Only a few designers would put Helvetica on this list. This font was designed back in 1957 and used by some world’s tech giants such as Apple, BMW, and NASA. It is one of the most visible sans-serif typefaces in advertising and print.
For most logo creators, that is a statement to its value and versatility. But it’s also a reason not to go overboard with it.
Like others listed, Helvetica has become too overused that it lost its uniqueness. When you intend to grab attention or emphasize some words, Helvetica is no longer your go-to font. Having said that, the font is still great if used correctly.
The reason why handwritten style fonts are introduced is that these fonts depict personality in a very natural way that fonts such as Arial cannot. Speaking from real experience, they come off as kitschy and inauthentic in some styles, which ultimately says a lot more about your taste than your content. This means your worst taste in font overshadows your quality content, even if your words are full of wisdom.

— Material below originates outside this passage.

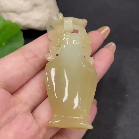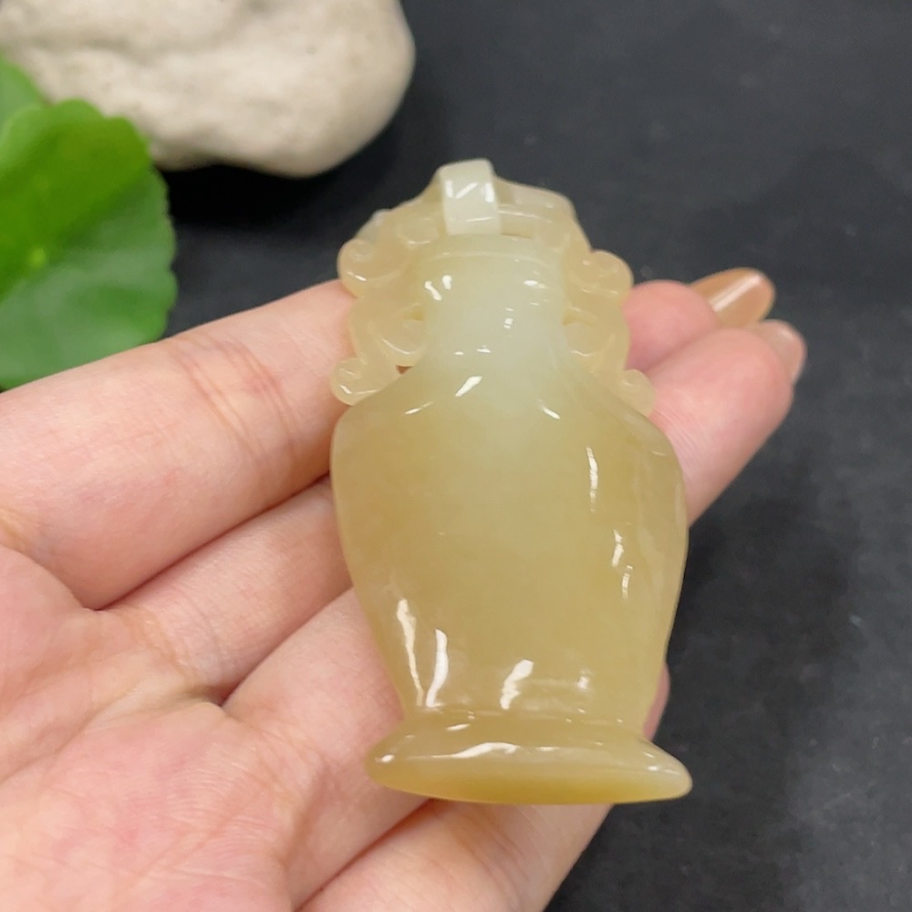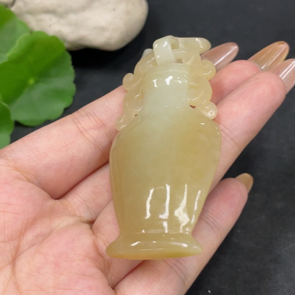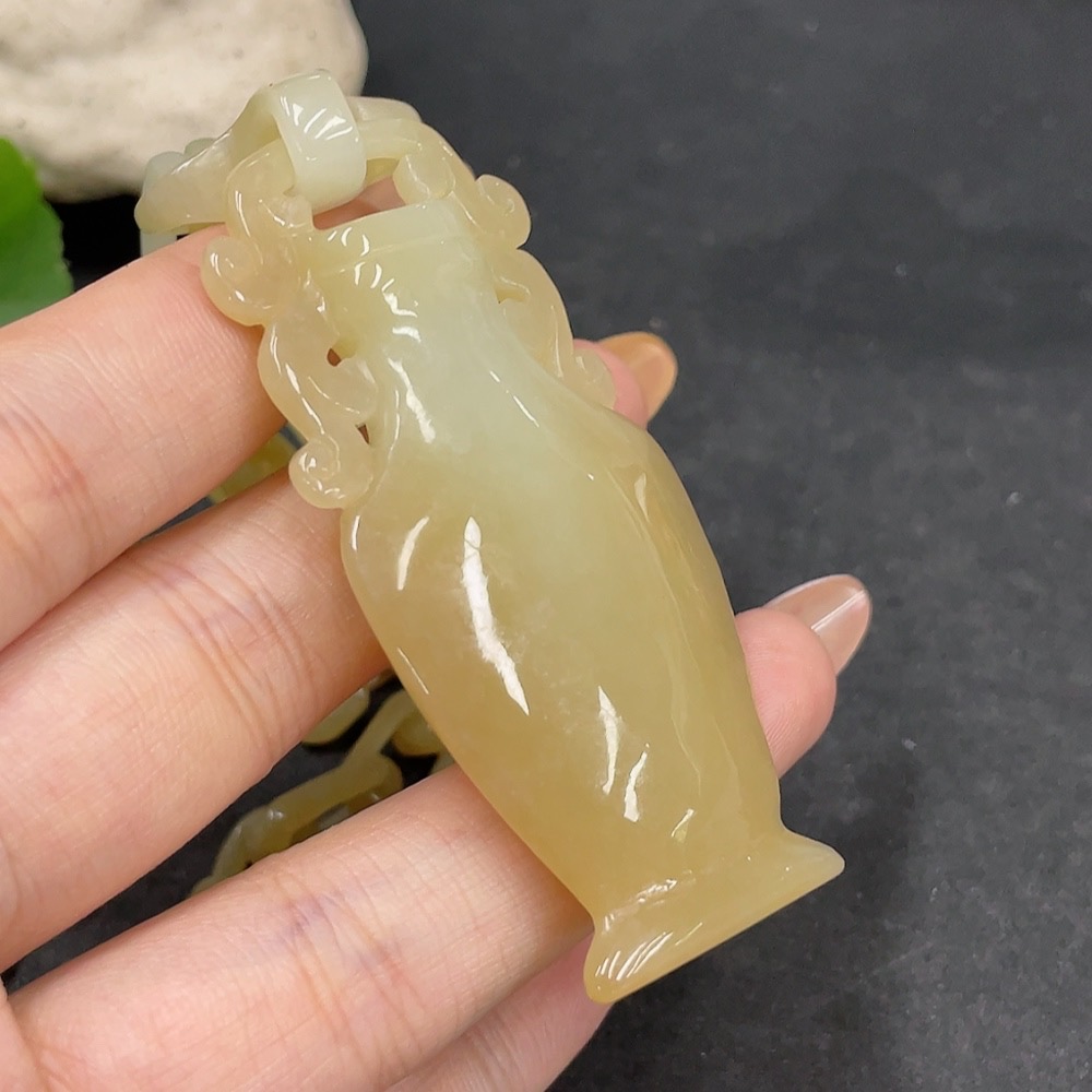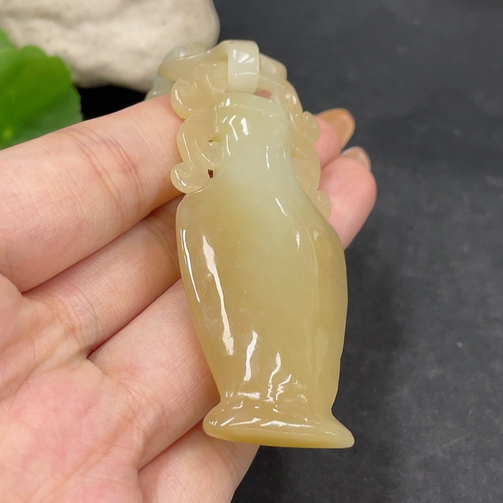 Hetian Jade Pendant Treasure Vase Visible Splicing Craft Total Weight Approx. (Incl. Chain) 73.9g

This font is one of the worst offenders to date: A very cheap font, used in too many invites and personal greetings to slip under the radar. But, all those other handwritten fonts are annoying on an equal level, same as many tacky-script-style fonts used in party invites and gift-shop signage.
Courier looks suitable for specific uses: screenplay, plain text documents, and codes. But it’s typewriter aesthetic and disproportionate lettering make it inappropriate for web designers. Don’t think it is a design element font, just don’t. If you want paramount readability, such as in code, then it is good to go with Courier. But, when it comes to the web, it reeks of a 12 years old angst-ridden Geocities site mainly set up in neon color.
Papyrus surpasses all the bad fonts and holds the status of the king of awful fonts. More childish, kitschy, and next-level irritating, this ugly piece of typography has made its way into everything from movie posters to logos for credit unions.
It is seen as a universal annoyance that now there are several anti-Papyrus blogs out there.
As with Comic Sans, don’t use this typeface if you want your content to be taken seriously. Unlike all those other typefaces, though, Papyrus isn’t the king of bad fonts because it is overused. But, because it just doesn’t look right or is a pain in eyes for readers. Cheap, kitschy, and vile, this font has no place in your design.
Waqas D. is the co-founder of the branding and website agency, FullStop™. He supercharges brands by crafting memorable logos, brand identities and engaging websites. Besides thousands of startups and medium-size businesses, FullStop has worked with likes of Microsoft & L’Oréal. View our portfolio or get in touch.